## Task item
Your copy of the data below must be exact and must leave out all pictures.

Stored items:
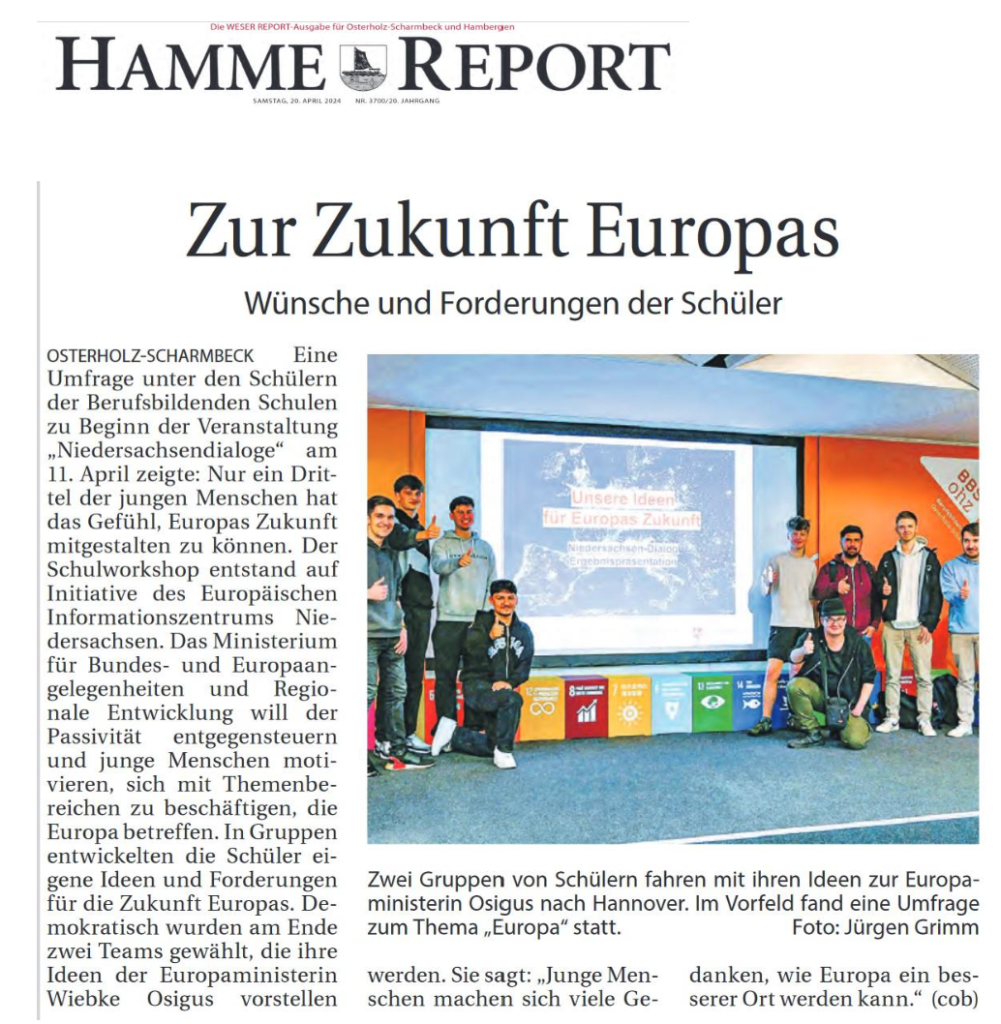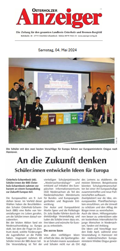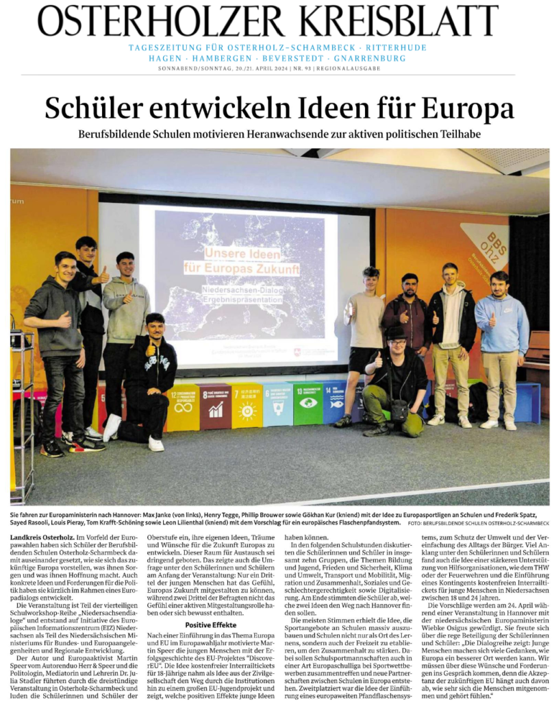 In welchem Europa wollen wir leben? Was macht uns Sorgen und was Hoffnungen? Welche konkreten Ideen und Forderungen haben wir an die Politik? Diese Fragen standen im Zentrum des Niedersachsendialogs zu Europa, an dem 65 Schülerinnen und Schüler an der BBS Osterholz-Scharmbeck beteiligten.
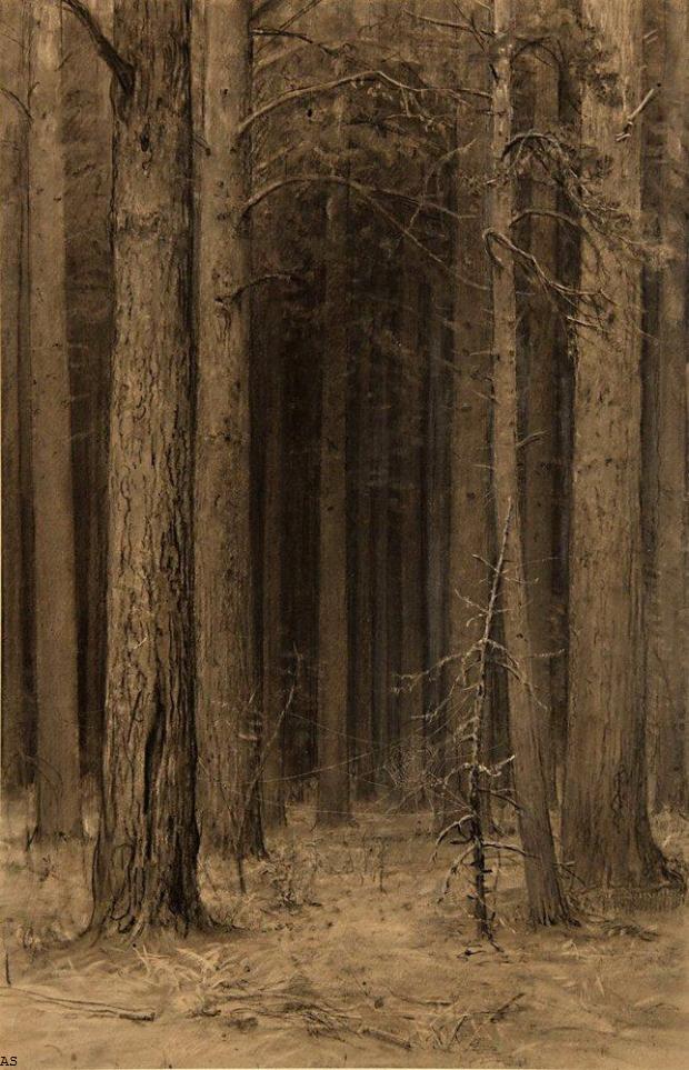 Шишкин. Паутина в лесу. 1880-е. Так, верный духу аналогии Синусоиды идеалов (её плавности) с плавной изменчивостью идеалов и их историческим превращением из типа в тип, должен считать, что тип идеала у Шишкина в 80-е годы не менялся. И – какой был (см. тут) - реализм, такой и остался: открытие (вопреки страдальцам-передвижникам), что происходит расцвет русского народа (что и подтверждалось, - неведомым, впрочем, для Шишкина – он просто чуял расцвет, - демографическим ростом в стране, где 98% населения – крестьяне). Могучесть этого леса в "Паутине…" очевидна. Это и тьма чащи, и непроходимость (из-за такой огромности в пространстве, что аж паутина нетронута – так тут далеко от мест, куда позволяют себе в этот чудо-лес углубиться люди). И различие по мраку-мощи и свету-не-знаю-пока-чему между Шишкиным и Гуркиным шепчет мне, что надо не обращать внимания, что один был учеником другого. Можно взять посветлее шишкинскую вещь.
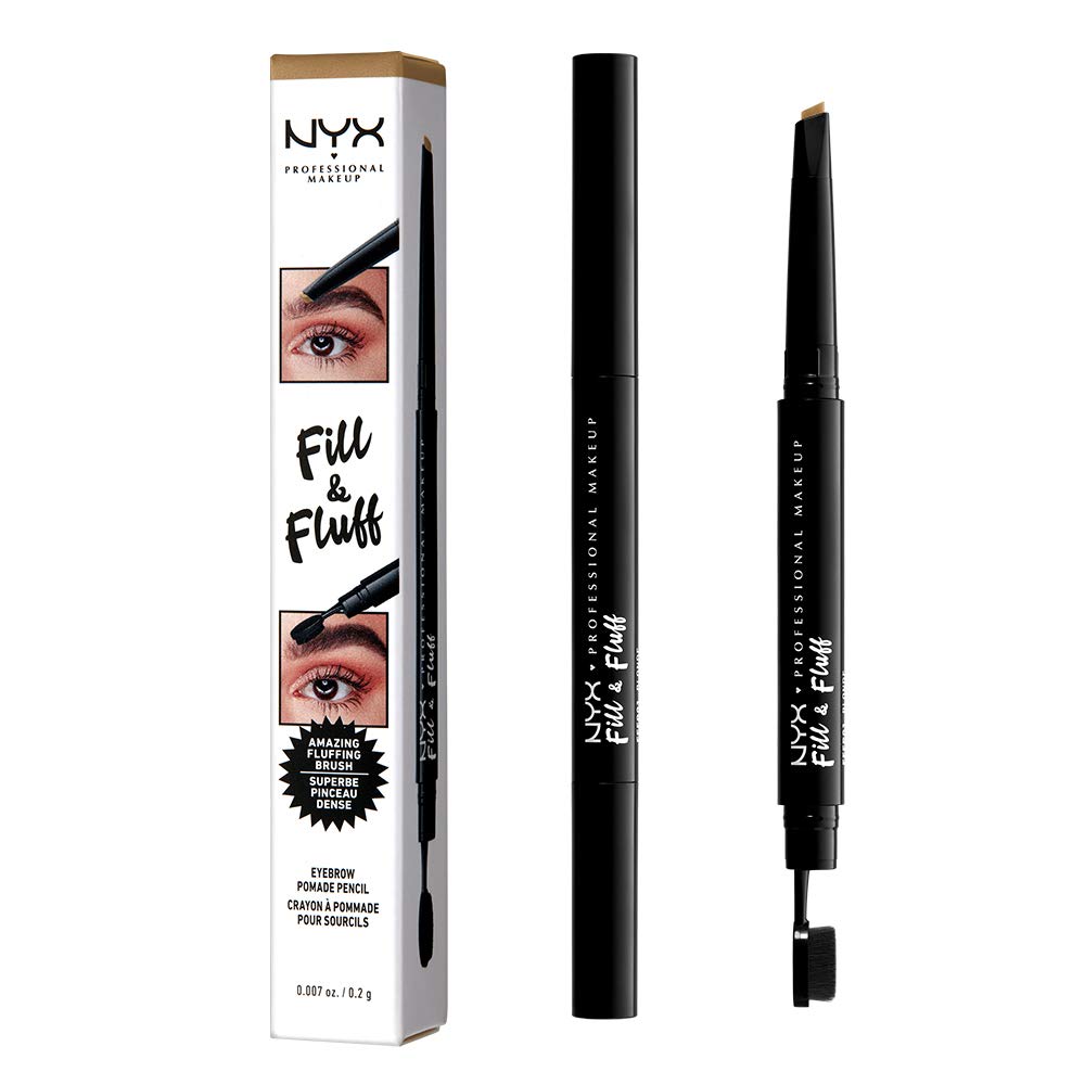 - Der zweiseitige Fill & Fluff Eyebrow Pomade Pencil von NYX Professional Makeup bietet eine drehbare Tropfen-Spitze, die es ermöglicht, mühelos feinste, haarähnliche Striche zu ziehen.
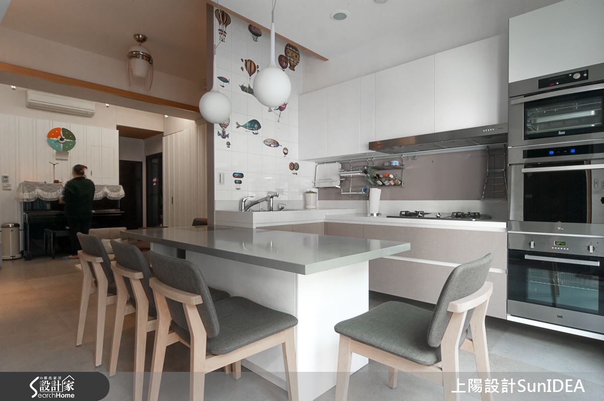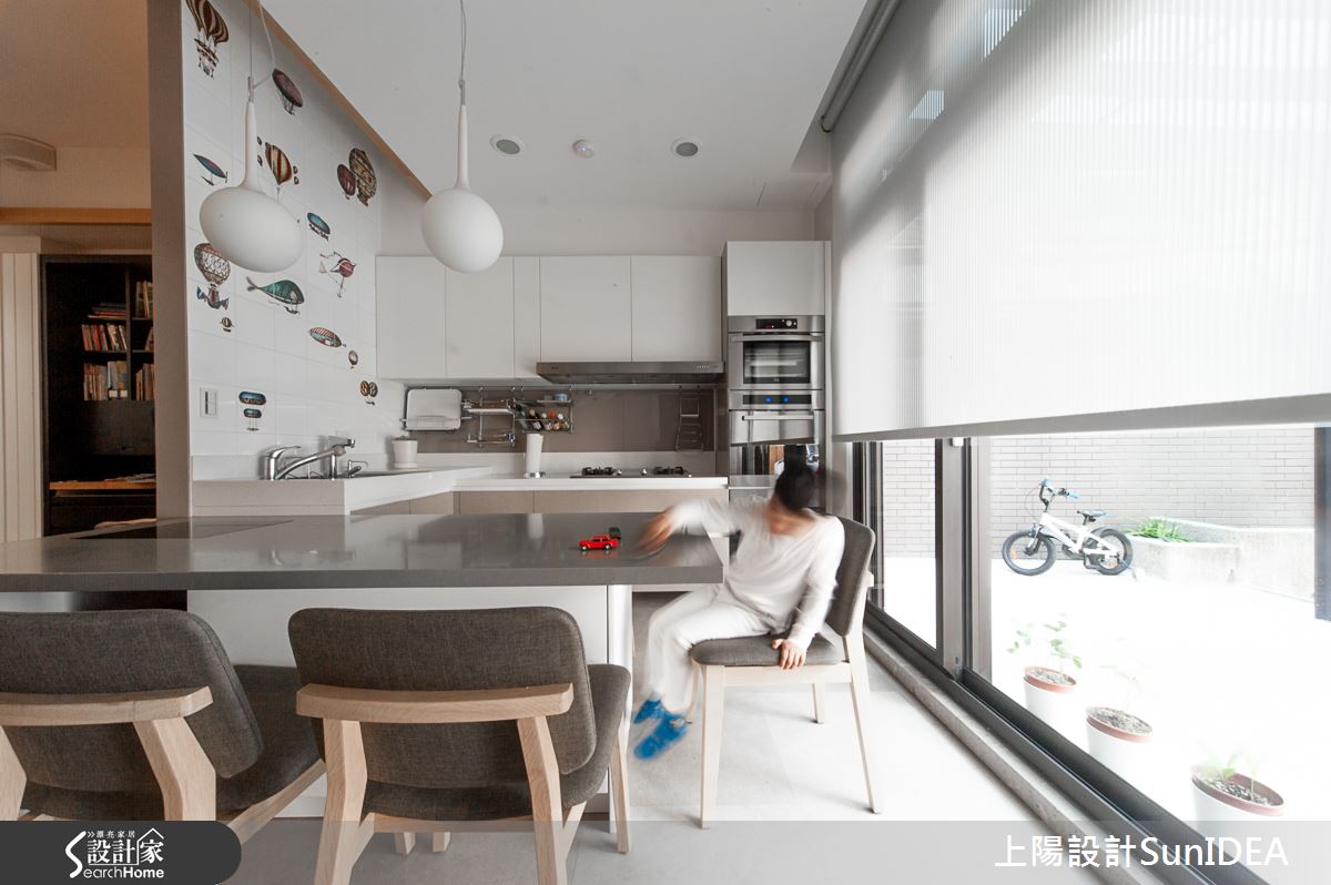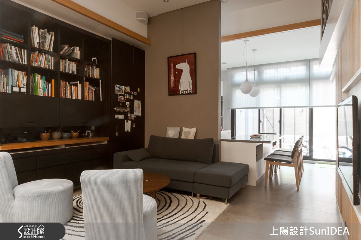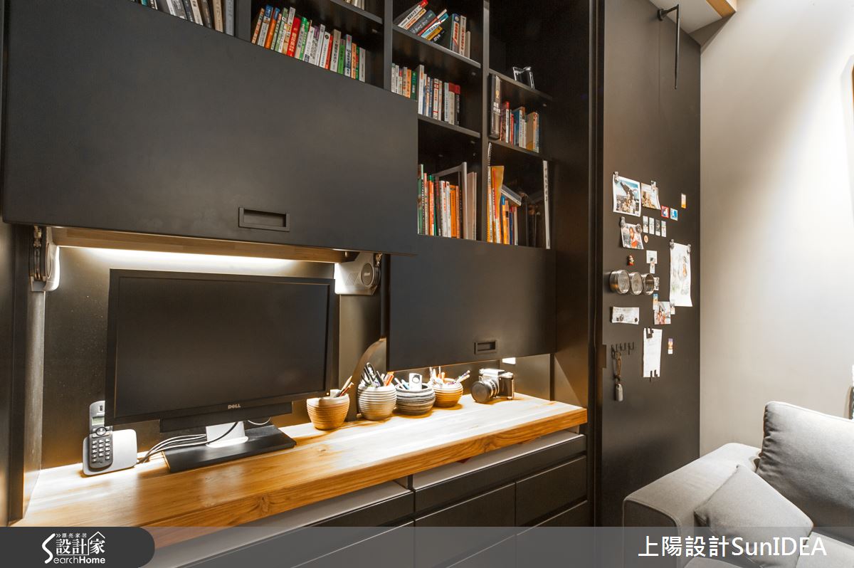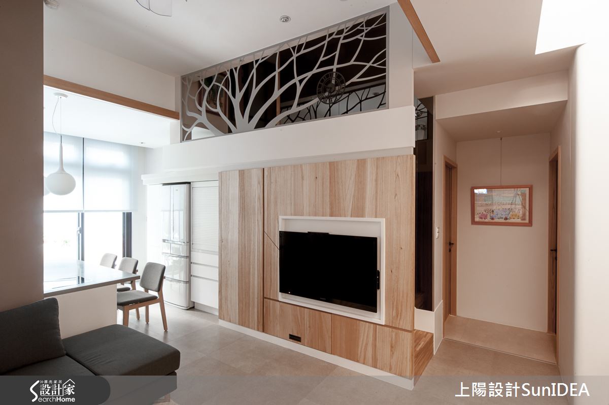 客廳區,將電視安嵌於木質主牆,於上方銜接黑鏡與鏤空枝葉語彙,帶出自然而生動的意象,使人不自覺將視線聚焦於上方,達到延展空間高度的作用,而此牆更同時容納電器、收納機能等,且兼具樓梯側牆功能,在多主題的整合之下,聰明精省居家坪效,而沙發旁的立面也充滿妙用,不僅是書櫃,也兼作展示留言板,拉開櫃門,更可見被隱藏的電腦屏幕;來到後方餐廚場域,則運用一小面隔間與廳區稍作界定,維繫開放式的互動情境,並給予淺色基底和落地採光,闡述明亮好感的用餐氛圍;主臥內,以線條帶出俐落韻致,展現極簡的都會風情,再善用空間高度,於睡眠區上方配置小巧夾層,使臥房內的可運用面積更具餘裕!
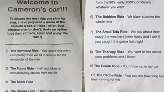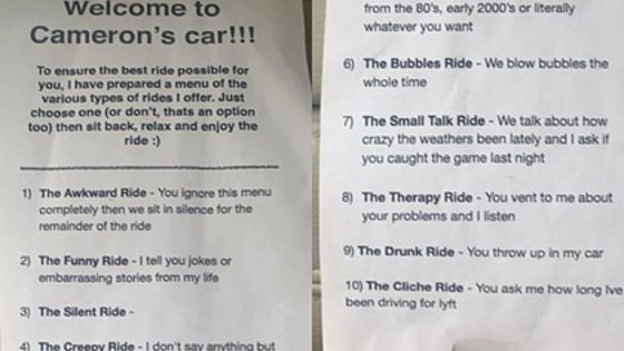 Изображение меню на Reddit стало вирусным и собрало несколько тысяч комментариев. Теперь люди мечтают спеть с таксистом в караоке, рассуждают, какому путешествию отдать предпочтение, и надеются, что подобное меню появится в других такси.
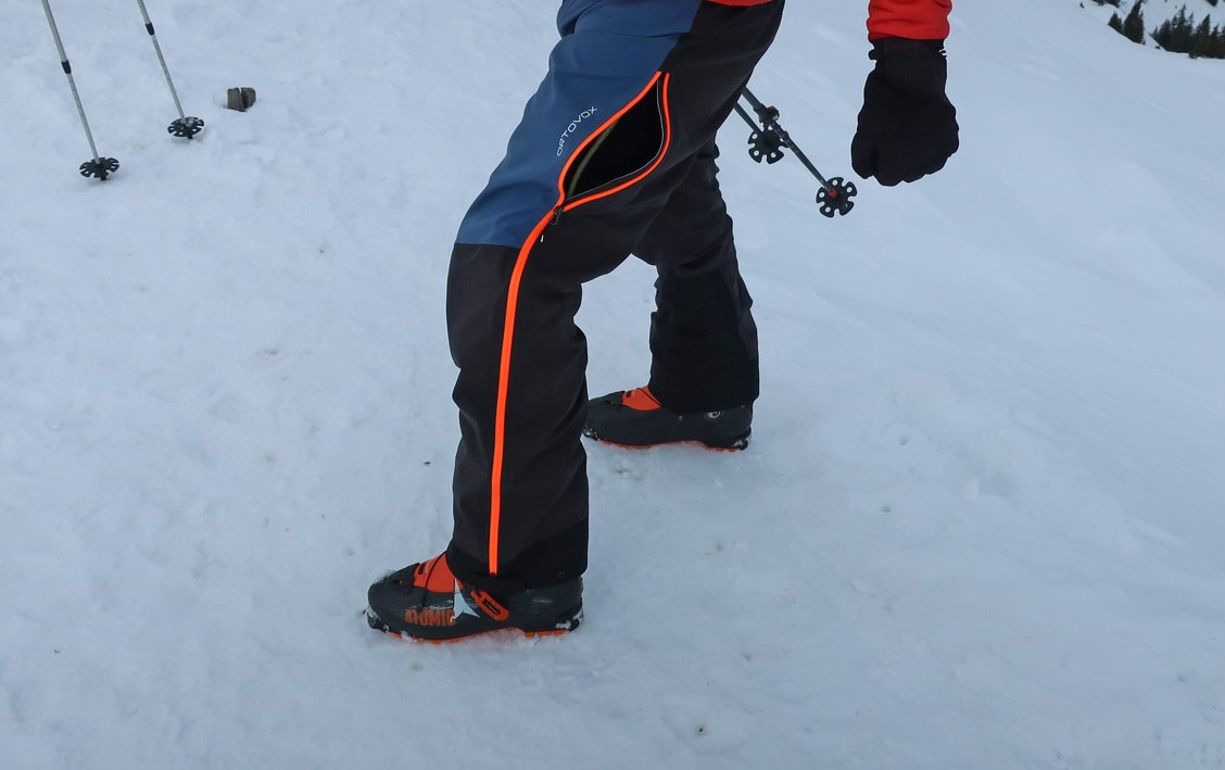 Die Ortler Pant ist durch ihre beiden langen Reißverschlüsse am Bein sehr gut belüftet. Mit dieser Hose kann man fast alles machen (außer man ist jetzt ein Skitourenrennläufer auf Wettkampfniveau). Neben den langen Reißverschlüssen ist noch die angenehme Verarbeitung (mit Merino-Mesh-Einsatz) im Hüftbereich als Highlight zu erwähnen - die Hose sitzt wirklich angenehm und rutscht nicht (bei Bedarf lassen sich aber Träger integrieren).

## Output for this exercise
 In welchem Europa wollen wir leben? Was macht uns Sorgen und was Hoffnungen? Welche konkreten Ideen und Forderungen haben wir an die Politik? Diese Fragen standen im Zentrum des Niedersachsendialogs zu Europa, an dem 65 Schülerinnen und Schüler an der BBS Osterholz-Scharmbeck beteiligten.
 Шишкин. Паутина в лесу. 1880-е. Так, верный духу аналогии Синусоиды идеалов (её плавности) с плавной изменчивостью идеалов и их историческим превращением из типа в тип, должен считать, что тип идеала у Шишкина в 80-е годы не менялся. И – какой был (см. тут) - реализм, такой и остался: открытие (вопреки страдальцам-передвижникам), что происходит расцвет русского народа (что и подтверждалось, - неведомым, впрочем, для Шишкина – он просто чуял расцвет, - демографическим ростом в стране, где 98% населения – крестьяне). Могучесть этого леса в "Паутине…" очевидна. Это и тьма чащи, и непроходимость (из-за такой огромности в пространстве, что аж паутина нетронута – так тут далеко от мест, куда позволяют себе в этот чудо-лес углубиться люди). И различие по мраку-мощи и свету-не-знаю-пока-чему между Шишкиным и Гуркиным шепчет мне, что надо не обращать внимания, что один был учеником другого. Можно взять посветлее шишкинскую вещь.
 - Der zweiseitige Fill & Fluff Eyebrow Pomade Pencil von NYX Professional Makeup bietet eine drehbare Tropfen-Spitze, die es ermöglicht, mühelos feinste, haarähnliche Striche zu ziehen.
 客廳區,將電視安嵌於木質主牆,於上方銜接黑鏡與鏤空枝葉語彙,帶出自然而生動的意象,使人不自覺將視線聚焦於上方,達到延展空間高度的作用,而此牆更同時容納電器、收納機能等,且兼具樓梯側牆功能,在多主題的整合之下,聰明精省居家坪效,而沙發旁的立面也充滿妙用,不僅是書櫃,也兼作展示留言板,拉開櫃門,更可見被隱藏的電腦屏幕;來到後方餐廚場域,則運用一小面隔間與廳區稍作界定,維繫開放式的互動情境,並給予淺色基底和落地採光,闡述明亮好感的用餐氛圍;主臥內,以線條帶出俐落韻致,展現極簡的都會風情,再善用空間高度,於睡眠區上方配置小巧夾層,使臥房內的可運用面積更具餘裕!
 Изображение меню на Reddit стало вирусным и собрало несколько тысяч комментариев. Теперь люди мечтают спеть с таксистом в караоке, рассуждают, какому путешествию отдать предпочтение, и надеются, что подобное меню появится в других такси.
 Die Ortler Pant ist durch ihre beiden langen Reißverschlüsse am Bein sehr gut belüftet. Mit dieser Hose kann man fast alles machen (außer man ist jetzt ein Skitourenrennläufer auf Wettkampfniveau). Neben den langen Reißverschlüssen ist noch die angenehme Verarbeitung (mit Merino-Mesh-Einsatz) im Hüftbereich als Highlight zu erwähnen - die Hose sitzt wirklich angenehm und rutscht nicht (bei Bedarf lassen sich aber Träger integrieren).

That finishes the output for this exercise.